There was an interest in online fundraising in general, so I was pleased to have found references to some recent guides. As well as the one I mentioned during my talk – The 2008 Online Fundraising Survival Guide: 12 Winning Strategies to Survive & Thrive in a Down Economy, by Network for Good – I’ve listed a couple more resources on a blog post about the talk. See: “A toe in the water {revisited}”, and also my presentation on Slideshare.

My talk was based on an article published in “Fundraising in New Zealand” last September. I suggested caution at the time, and nothing I’ve read nor the people I’ve talked to have changed my mind on that.

I didn’t collect any references from the people participating about good examples of online fundraising using social networks. There is a tentativeness, almost wariness about all this – we know we have to get up to speed, but not just now. As one person I spoke to suggested – they’d need to set aside a lot of time to come up to read about what is required to be successful.

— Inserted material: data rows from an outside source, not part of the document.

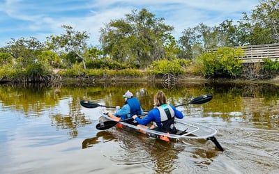 This kayaking operation has earned an exceptional reputation thanks to its team of knowledgeable and personable guides. Names like Raven, Alessia, Alex, Jesse, and Cami come up repeatedly, with reviewers praising their ability to share fascinating details about the local ecosystem, wildlife, and mangroves while keeping groups engaged and comfortable. The guides handle mixed skill levels with ease and show genuine care for their guests, from bringing extra cold water to rescuing kayakers from spiders. The tours themselves offer a beautiful introduction to Tarpon Springs' natural environment. Paddlers regularly spot dolphins, various bird species like ospreys and herons, and get hands-on opportunities to examine oysters and conch shells. The calm waters and clear kayaks add special touches that even win over awkward preteens and first-time kayakers. Multiple families mention how well the guides connected with their children, making the experience both fun and educational. It's the kind of place that inspires repeat visits and leaves people with a newfound appreciation for outdoor adventures.
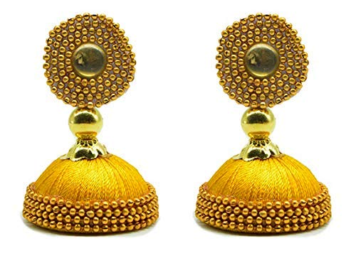 Ethnic Designer Wear Golden Silk Thread Jhumki in Different ColorsBeautiful Designer Silk Jhumki for all age group. Even kids can wear it appropriate size for those looking for small earrings. This designer Rose flower silk thread jhumki is suitable for all ocassions.Available in different color options to choose from. A traditional party wear earring that matches to our outfit. These elegant jhumki are light in weight which makes them suitable to be carried. Whether you wear ethnic outfit or western dress it suits you on each and every occasion.Golden Embellished Stud gives an exquisite and elegant fancy look to the earring. Our silk thread jewellery designers create high quality well checked luxurious fashionable unique designs which has elegance and style to it.
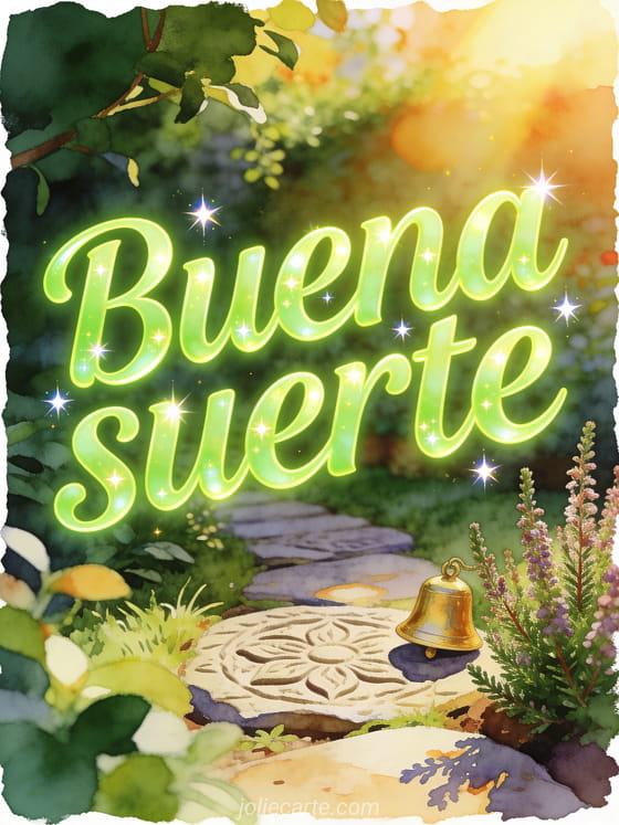 Comparte una tarjeta luminosa de buena suerte con un camino tallado de jardín, una pequeña campanilla dorada, ramitas de brezo y luz cálida del sol. También puedes enviar y luego sobre todo buena suerte gif, una imagen animada buena suerte o mucha suerte a todos imagen.

Other questions related to the loss of control implied by using social networks – what happens when your supporters take the message in their hands. What will I tell this boss if things go awry? A perfectly understandable reaction – and something I don’t come up against being a freelancer. However, I do think there are some answers to these potential dilemmas.

I presented two examples of people using for personal fundraising appeals, including Give a little, there were questions about making the leap from using social media like Facebook, YouTube and others, for individual appeals to using them for organisations. While I think it is possible, particularly by empowering supporters to take your cause out there, it’s not something I know a lot about.

I’m naturally cautious about trends and fads, and I’d include twitter amongst those. It’s the latest craze, with no little hype. A few NZ organisations like Greenpace and Oxfam are beginning to use Twittter, and I’m sure they’ll work out if they fit their needs (or just die away). Over on Beth Kanter’s blog she quotes Ivan Booth who said:

Begin with your campaign’s strategy — the food you want to eat. Then determine which technologies will best cultivate the fire within your supporters to achieve the social change you seek.

It’s something I endorsed. (See Beth’s original post “Twitter for Activism Tool VS Strategy Debate and A New Twitter Activism Guide” on 14 April 2009.)

I really enjoyed the session and would invite anyone who attended (or didn’t make it) to follow-up by making comments or sending me questions.